Re-runs of python -m src.telegram_backup against an archived media tree
(committed to git-annex / DataLad, where files are symlinks pointing into
.git/annex/objects/) currently mutate the working tree on every run:

  • _shared/<name> symlinks get atomic-renamed and become regular files
    (visible as typechange in git status),
  • chat-dir symlinks get repointed at different _shared/ blobs across
    runs because content-hash dedup (feat: content-hash dedup for cross-type media duplicates #139) picks a non-deterministic
    canonical name from the cross-chat duplicate set.
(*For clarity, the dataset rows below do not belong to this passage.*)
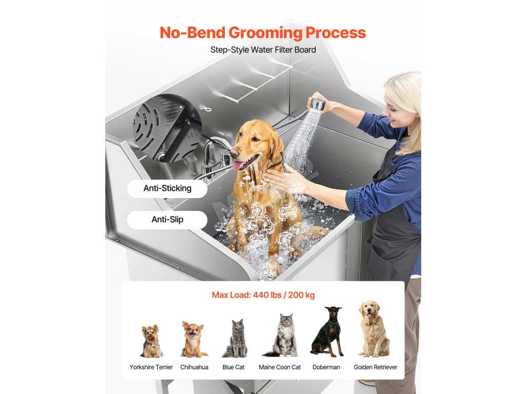Vďaka bezšvovému zvaru z jedného kusu a zabudovaným tesniacim páskam táto vaňa zaručuje, že voda neunikne. Je vyrobená z nehrdzavejúcej ocele, je odolná proti korózii a robustná, pričom si časom zachová svoj nový vzhľad. Vanička má hladké okraje, ktoré zabezpečujú bezpečnosť domácich zvierat aj používateľov počas kúpania.
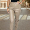 PREMIUM FAUX LEATHER MATERIAL: Crafted from high-quality faux leather, these pants offer a sleek and polished look while maintaining a soft feel. Perfect for all-day wear without sacrificing comfort.
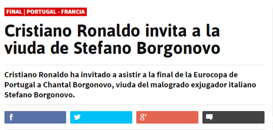 在与法国决赛之前,C罗邀请了前佛罗伦萨球员博格诺沃的遗孀前往法兰西大球场观赛。博格诺沃曾经效力米兰和佛罗伦萨等俱乐部。在他的职业生涯结束之后,不幸患上“渐冻症”,身体基本瘫痪,最后只有眼睛可以活动。

Root cause: every "do I already have this?" gate uses os.path.exists,
which follows symlinks to the bottom. When the ultimate target lives
outside the running process's filesystem view (e.g. the bind mount only
covers the working tree, not .git/), the gate concludes the file is
missing and triggers a re-download that overwrites the symlink. See
#143 for the full diagnosis with line references.

Changes

Each commit is a single conceptual change so they can be reviewed (or
backed out) independently.

  1. fix(media): trust existing symlinks via os.path.lexists in dedup gate — switches both arms of the dedup gate (chat path and _shared/-path) from os.path.exists to os.path.lexists in _process_media (src/telegram_backup.py) and the listener twin in src/listener.py. Updates the existing dangling-symlink tests in tests/test_symlink_dedup.py and the listener-side tests in tests/test_listener_extended.py to assert the new "preserve existing symlink" contract instead of the old "replace dangling symlink" one.
  2. fix(avatars): trust existing avatar symlinks via os.path.lexists — same gate change in _ensure_profile_photo and the listener's _download_avatar. Adds a regression test (test_existing_symlink_avatar_is_preserved) that reproduces the exact [Errno 2] No such file or directory log line from the issue.
  3. fix(verify): preserve symlinks during VERIFY_MEDIA scans — Phase 1 of _verify_and_redownload_media now uses lexists for missing-file detection and short-circuits on os.path.islink, so an intact symlink is never re-downloaded. Truly absent paths still trigger recovery. New tests cover both branches.
  4. docs(readme): note bind-mount caveat for git-annex / DataLad backups — adds a Troubleshooting row + a short subsection showing the recommended -v $PWD:/repo + -w /repo/ses-acct mount layout so the symlink targets resolve from inside the container.

Test plan

  • python -m pytest tests/ (excluding the FastAPI/pydantic-only viewer suites, same as CI scope) — 1419 passed, 153 warnings, 6 subtests passed
  • ruff check . && ruff format --check . — clean
  • Existing dedup / dangling-symlink / verify tests updated to assert the new contract; no test asserts both old and new behaviors.
  • Reporter (@yarikoptic) confirms an idempotent rerun against the original archived layout from [Question]: Account for previously downloaded (but now symlinks) files #143.
    • yet to do after recreating db

Notes for review

Summary by CodeRabbit

  • Documentation

    • Added a new troubleshooting subsection for git-annex/DataLad layouts and moved PostgreSQL duplicate-key guidance into its own troubleshooting subsection.
  • Bug Fixes

    • Improved idempotency by trusting existing symlinks and avoiding redundant media/avatar re-downloads; safer handling of deduplicated/shared media.
  • Tests

    • Expanded and hardened tests to cover symlink-preserving behavior, deduplication paths, avatar handling, and listener/backup lifecycle cases.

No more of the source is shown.